Twitter has posted an update on how its moderation approach called “Unreached Free Speech” is working, and according to the company, it has seen some encouraging results. In April, the website began limiting the reach of tweets that violated its hateful conduct policy and applied a label that read: “Limited visibility: This tweet may violate Twitter’s rules against hateful conduct.” Apparently, Twitter has applied the tag to more than 700,000 posts since then and has proactively prevented ads from appearing next to that content.

The company also claimed that the hashtag reduces a post’s reach by 81 percent, effectively limiting the visibility of posts that potentially exhibit hateful conduct. Besides, Twitter revealed in its update that more than a third of users choose to delete tagged tweets themselves once they’ve been notified that they violated website policy, and only four percent of authors have appealed the tags.

The fact that the company charges for API access means that most researchers studying hate speech cannot independently verify these claims. But Twitter you are clearly stating that your approach has been effective so far. In fact, the website is going ahead with its plan to expand its tags to include more types of policy violations.

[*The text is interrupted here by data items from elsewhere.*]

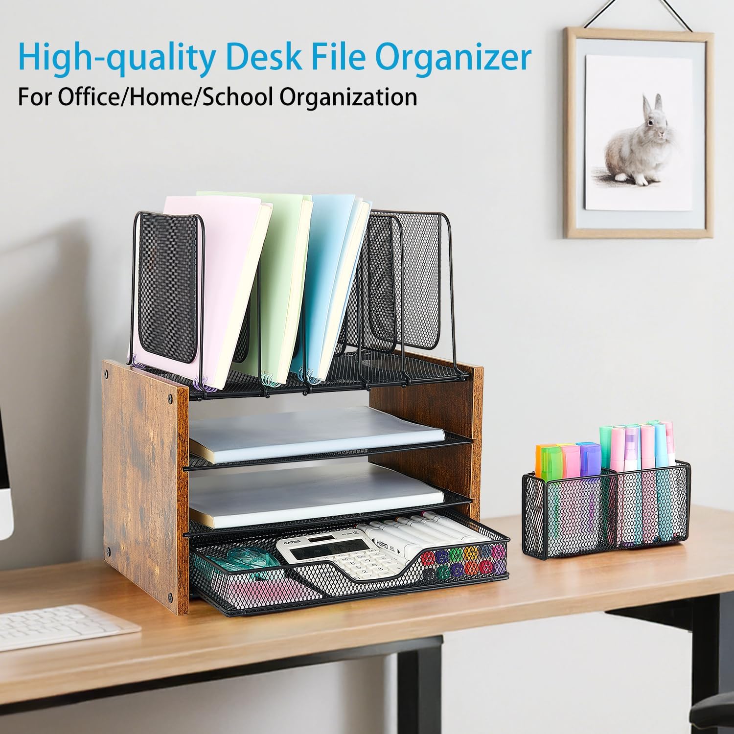 Wood Desk Organizers and Accessories, 4-Tier Workspace Desktop Paper Organizer with Drawer, 5 Vertical File Holders and Pen Holder for Office Supplies
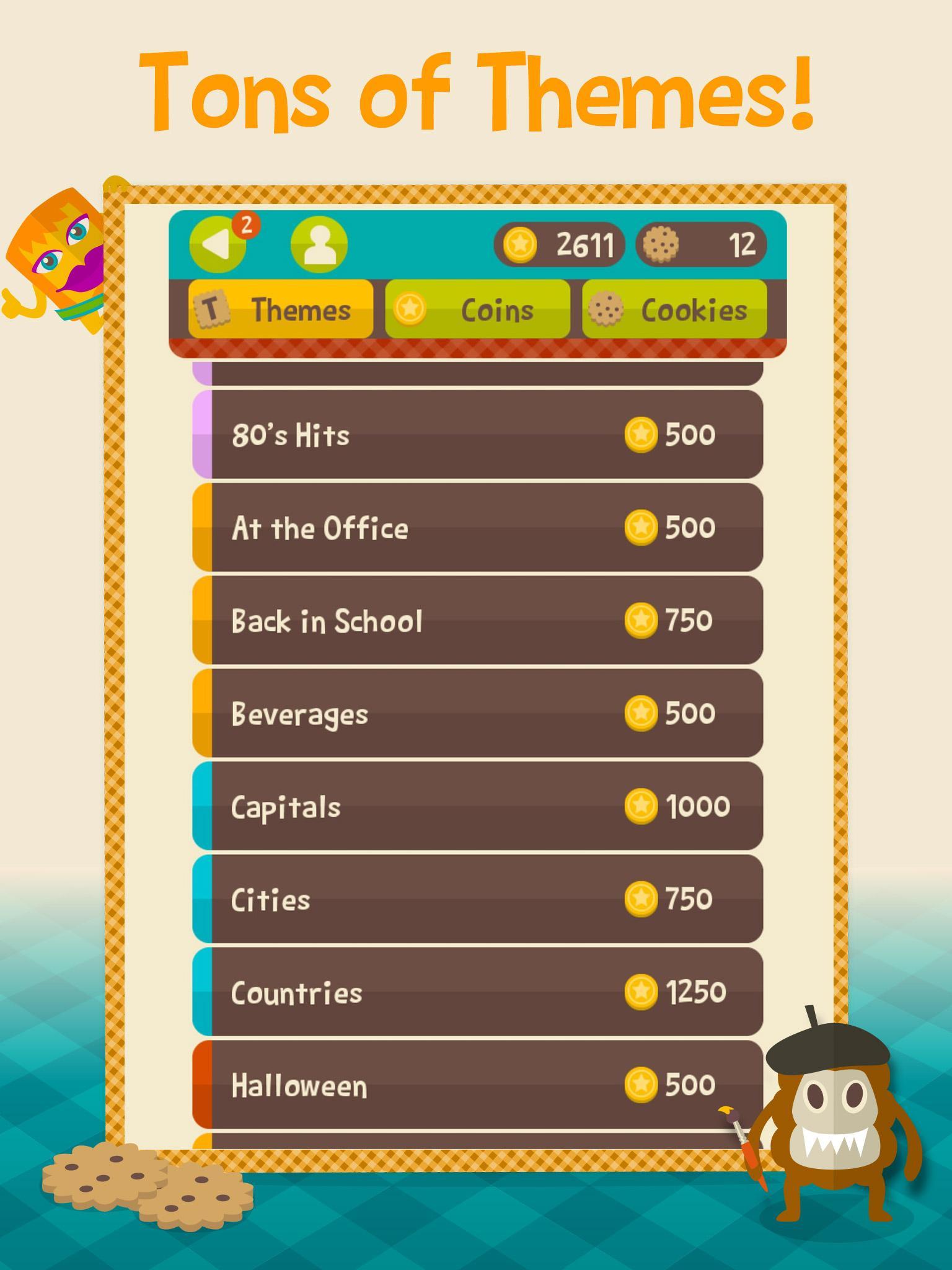 許多主題!享受25個帶有相關單詞的主題,或者解鎖更多主題 - 您可以賺錢或購買!
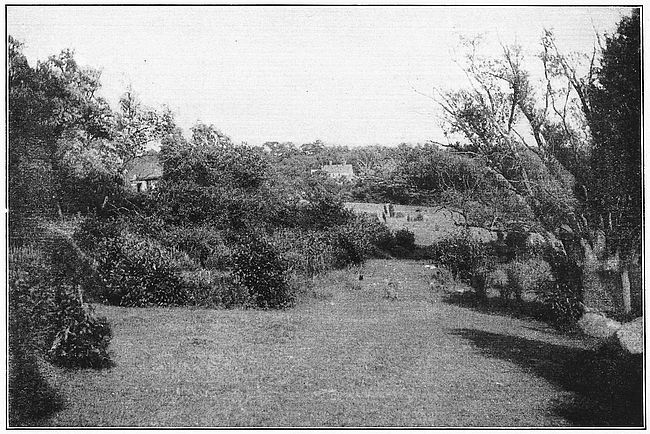 You may come to Black Mount with its panoramic view of the Webster farm, the surrounding pastures and marshes and the little Pilgrim cemetery where he lies buried, from either the Marshfield railway station or that of Green Harbor, both a mile or more away by road. A better route lay for me through the woods by paths flecked with sunlight and dappled with shadow, paths which the Pilgrims’ descendants first sought out and which are as fair to-day to our feet as they were to theirs. One can easily fancy Peregrine and his wife picking berries along here on days when the farm work allowed them freedom, the children frolicking about with them and eating or spilling half they picked, as the children do on these hills now. Voices and laughter rang through the woods as I passed, and there is small blame to the pickers if they do eat the berries as[4] fast as they pick them. They never taste quite so good as on this direct route from producer to consumer. Along this path you may have your choice of varieties as you go, from the pale blue ones that grow so very near the earth on their tiny bushes that they seem the salt of it, giving the day its zest, through the low-bush-blacks, crisp with seeds and aromatic in flavor as if smoked with the incense of the sweet-fern, to those other black ones that grow on the high bushes and rightfully take the name of huckleberry. The soil of these sandy hills may be thin and not worth farming, but it produces fruit whose quality puts to shame the product of well-cultivated gardens. The good bishop of England who once said, “Doubtless God could have produced a better berry than the strawberry, but doubtless He never did,” never ate blueberries from the bush in a New England pasture.
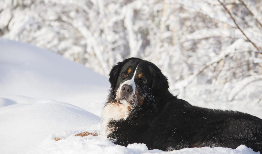 Wallpaper Bernese Mountain Dog lies in the cold snow

According to their announcement, they will now also tag and downrank posts that violate their abusive behavior and violent speech policies. The tweets to be tagged in the coming weeks will include posts with malicious content directed at individuals, those that encourage others to harass a person or group of people, those that threaten to inflict physical harm on others, and those that tweets that encourage others to commit acts of violence or harm.